**Task inputs**:
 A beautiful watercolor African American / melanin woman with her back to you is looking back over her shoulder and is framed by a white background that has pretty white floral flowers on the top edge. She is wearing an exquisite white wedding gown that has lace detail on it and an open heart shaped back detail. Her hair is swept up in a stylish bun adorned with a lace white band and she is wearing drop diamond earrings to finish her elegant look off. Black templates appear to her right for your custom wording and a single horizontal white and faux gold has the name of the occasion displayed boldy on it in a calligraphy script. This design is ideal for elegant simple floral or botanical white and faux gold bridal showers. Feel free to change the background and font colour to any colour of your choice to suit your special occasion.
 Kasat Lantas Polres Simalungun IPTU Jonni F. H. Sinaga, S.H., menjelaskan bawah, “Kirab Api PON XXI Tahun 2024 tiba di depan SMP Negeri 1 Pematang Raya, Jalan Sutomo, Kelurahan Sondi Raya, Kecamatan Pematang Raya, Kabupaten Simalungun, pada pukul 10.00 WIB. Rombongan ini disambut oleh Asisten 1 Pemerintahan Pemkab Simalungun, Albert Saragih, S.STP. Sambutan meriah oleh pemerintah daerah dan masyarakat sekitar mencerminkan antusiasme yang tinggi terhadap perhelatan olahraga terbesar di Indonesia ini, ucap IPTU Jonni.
* * *
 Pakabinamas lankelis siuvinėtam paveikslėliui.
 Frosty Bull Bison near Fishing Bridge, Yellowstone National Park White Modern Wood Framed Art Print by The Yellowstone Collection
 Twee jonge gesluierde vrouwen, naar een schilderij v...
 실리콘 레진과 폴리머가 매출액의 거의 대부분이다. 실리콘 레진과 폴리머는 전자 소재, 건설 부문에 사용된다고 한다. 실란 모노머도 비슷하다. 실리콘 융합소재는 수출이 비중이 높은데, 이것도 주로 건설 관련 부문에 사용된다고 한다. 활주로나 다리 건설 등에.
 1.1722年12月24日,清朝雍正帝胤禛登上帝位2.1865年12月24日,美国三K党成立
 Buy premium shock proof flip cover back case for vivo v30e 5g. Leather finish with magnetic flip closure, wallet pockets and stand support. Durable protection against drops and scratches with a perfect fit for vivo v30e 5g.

**What you need to do**: From the entries above, return exactly the line containing "실리콘 레진과 폴리머가", the line containing "Buy premium shock", and all lines between, and nothing else.

**Expected answer**:
 실리콘 레진과 폴리머가 매출액의 거의 대부분이다. 실리콘 레진과 폴리머는 전자 소재, 건설 부문에 사용된다고 한다. 실란 모노머도 비슷하다. 실리콘 융합소재는 수출이 비중이 높은데, 이것도 주로 건설 관련 부문에 사용된다고 한다. 활주로나 다리 건설 등에.
 1.1722年12月24日,清朝雍正帝胤禛登上帝位2.1865年12月24日,美国三K党成立
 Buy premium shock proof flip cover back case for vivo v30e 5g. Leather finish with magnetic flip closure, wallet pockets and stand support. Durable protection against drops and scratches with a perfect fit for vivo v30e 5g.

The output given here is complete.